Everything from the first line of the data below through the line that contains "Not only characters, but" should be written out exactly, please, and nothing more; the pictures stay out.
═════ THE DATA
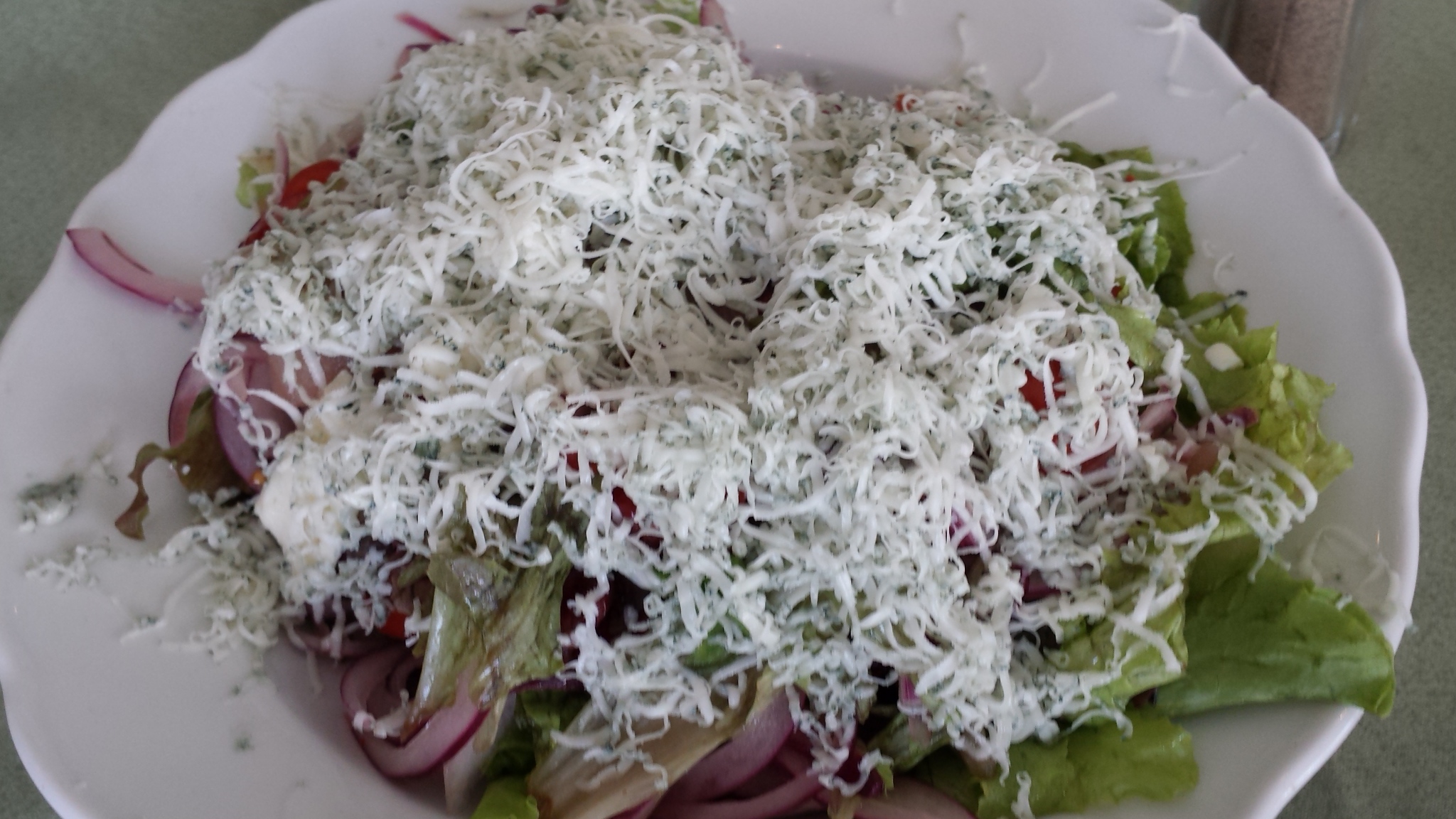 · סלט אגס שיכור במיקס חסות, עגבניות, חמוציות, צנון, בצל וגבינת רוקפור. ברוטב דבש ולימון – מצוין.
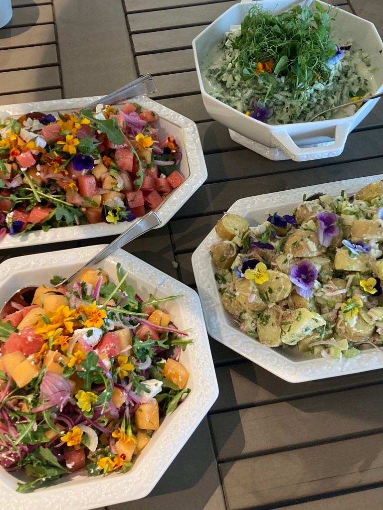 Hjemmelaget potetsalat med sjalottløk, eple og valnøtter, toppes med persille og vårløksalat
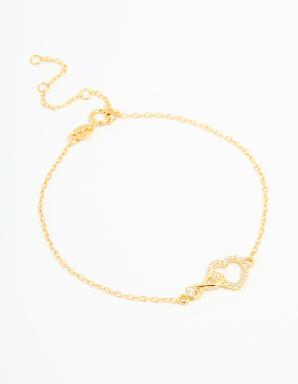 Gold Plated Sterling Silver Cubic Zirconia Infinity & Heart Bracelet
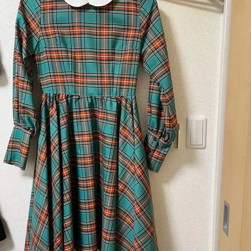터콰이즈와 오렌지 체크 무늬, 화이트 옷깃이 특징인 긴팔 원피스.
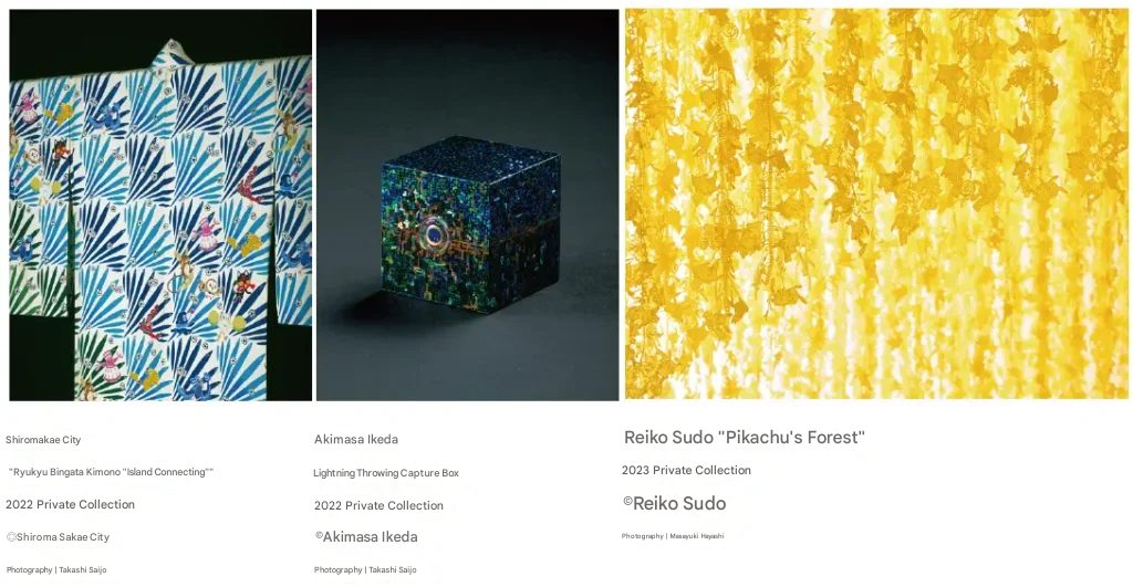 Not only characters, but entire Pokémon worlds were reimagined through craftsmanship—such as kimonos using silk and stencil dyeing, or a Pikachu Forest expressed through cotton and needle lace.
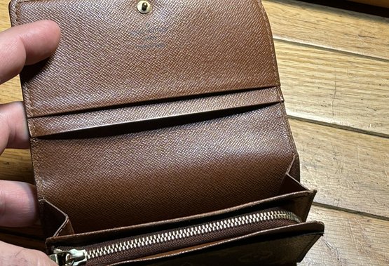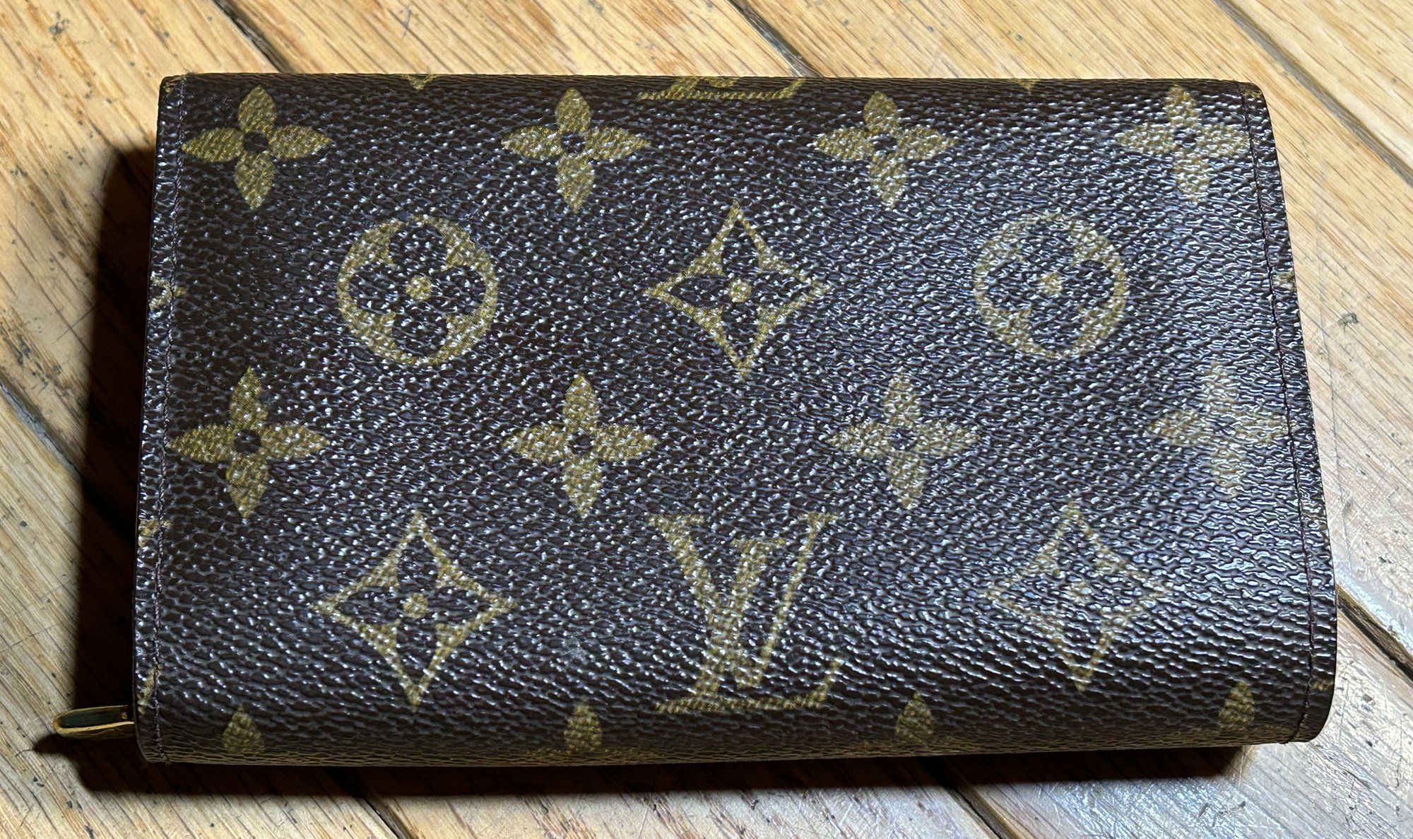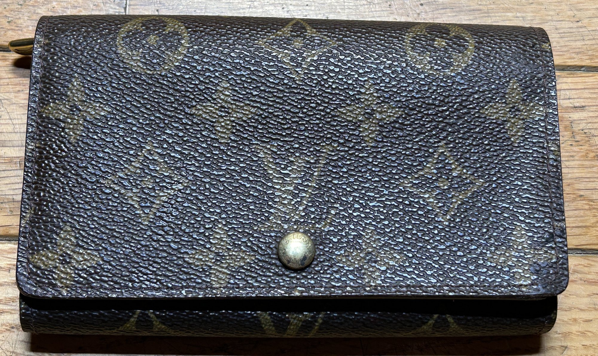 A striking example from luxury designer LOUIS VUITTON, the elegant 'Port-Monnaie Tresor' bifold pebbled leather wallet with iconic LV monogram design. It is in very good condition throughout, well cared for and quite clean. Originally, it sold for well into the hundreds, but we are offering it for $1 open with NO RESERVE.
══════════
- [WRITTEN SOLUTION]
 · סלט אגס שיכור במיקס חסות, עגבניות, חמוציות, צנון, בצל וגבינת רוקפור. ברוטב דבש ולימון – מצוין.
 Hjemmelaget potetsalat med sjalottløk, eple og valnøtter, toppes med persille og vårløksalat
 Gold Plated Sterling Silver Cubic Zirconia Infinity & Heart Bracelet
터콰이즈와 오렌지 체크 무늬, 화이트 옷깃이 특징인 긴팔 원피스.
 Not only characters, but entire Pokémon worlds were reimagined through craftsmanship—such as kimonos using silk and stencil dyeing, or a Pikachu Forest expressed through cotton and needle lace.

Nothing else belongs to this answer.